Patient count: Our first-surgery filter identified 62 patients vs 55 in Faanes 2025. The 7-patient difference is likely due to additional exclusions for missing MRI annotations (n=1, ReMIND-101) and iUS quality issues (n=5–6).
Interpolation method: Pseudo-labels use linear interpolation with 0.5 threshold binarization (instead of nearest-neighbor) to reduce staircase artifacts. This reduced average connected components from 5.2 to 2.8 per volume.

§5 Quality Control Galleries

Fig. 2. Registration QC thumbnails (V3 final — 114 images)

Each thumbnail shows the registered MRI (color overlay) aligned to iUS (grayscale background) after rigid registration. Filter by timepoint (pre-dura / post-dura) below.

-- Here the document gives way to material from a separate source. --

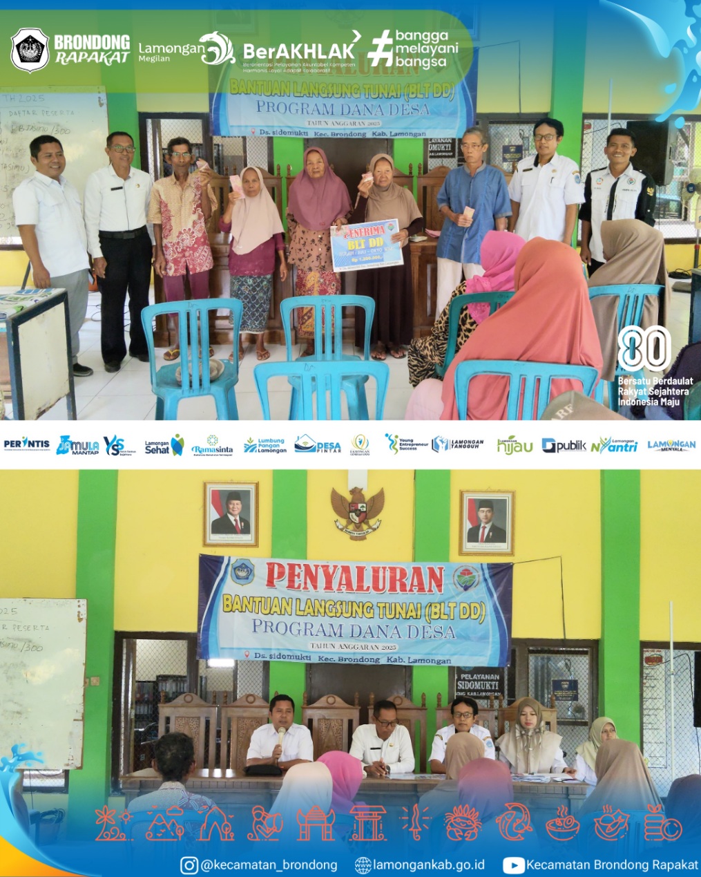 Rabu, 29 Oktober 2025, bertempat di Balai Desa Sidomukti, Kecamatan Brondong, dilaksanakan kegiatan penyaluran Bantuan Langsung Tunai (BLT) Dana Desa untuk bulan ke-7, 8, 9, dan 10 Tahun Anggaran 2025. Kegiatan ini dihadiri oleh perangkat desa dan perwakilan Kecamatan Brondong yang turut memantau jalannya penyaluran agar berjalan tertib dan tepat sasaran. Program ini merupakan wujud nyata perhatian pemerintah dalam mendukung kesejahteraan masyarakat dan membantu meringankan beban ekonomi warga kurang mampu di wilayah Desa Sidomukti.
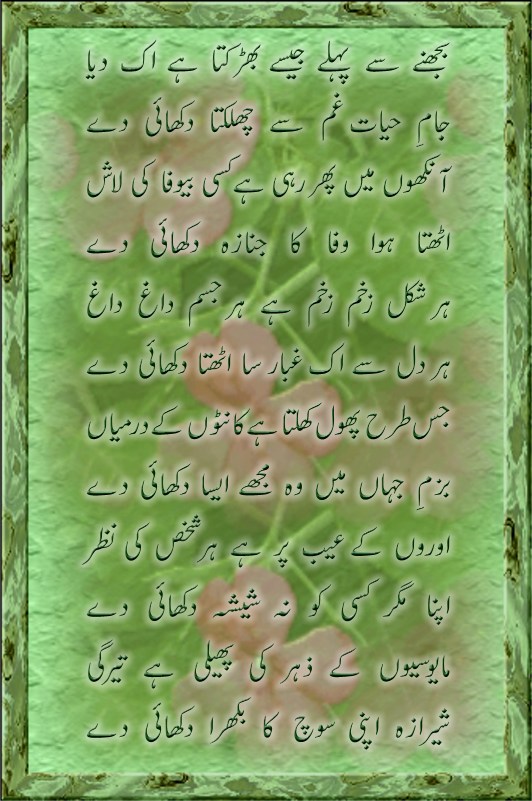 Salam to all friends, and thanks .............is nazam ka page 8 & 9 pesh kar arah hun, is ke total 14 pages hain. umeed hai aap ko pasand aayi ho gi.

Fig. 2: Registration QC from V3 final run. 114 images covering 61 patients (most have both pre-dura and post-dura timepoints). V1 and V2 QC images were not retained; iterative improvement is quantified in Table 1.

Fig. 3. Pseudo-label overlay triptychs (36 images across 6 patients)

Three-panel views showing (left) original iUS, (center) binary pseudo-label mask, (right) overlay. Each patient has 6 representative slices (2 per anatomical plane). Filter by plane below.

Fig. 3: Pseudo-label QC showing spatial alignment quality. Slice numbers correspond to the 2D slice index in the nnU-Net training dataset. Red overlay = transferred MRI tumor label.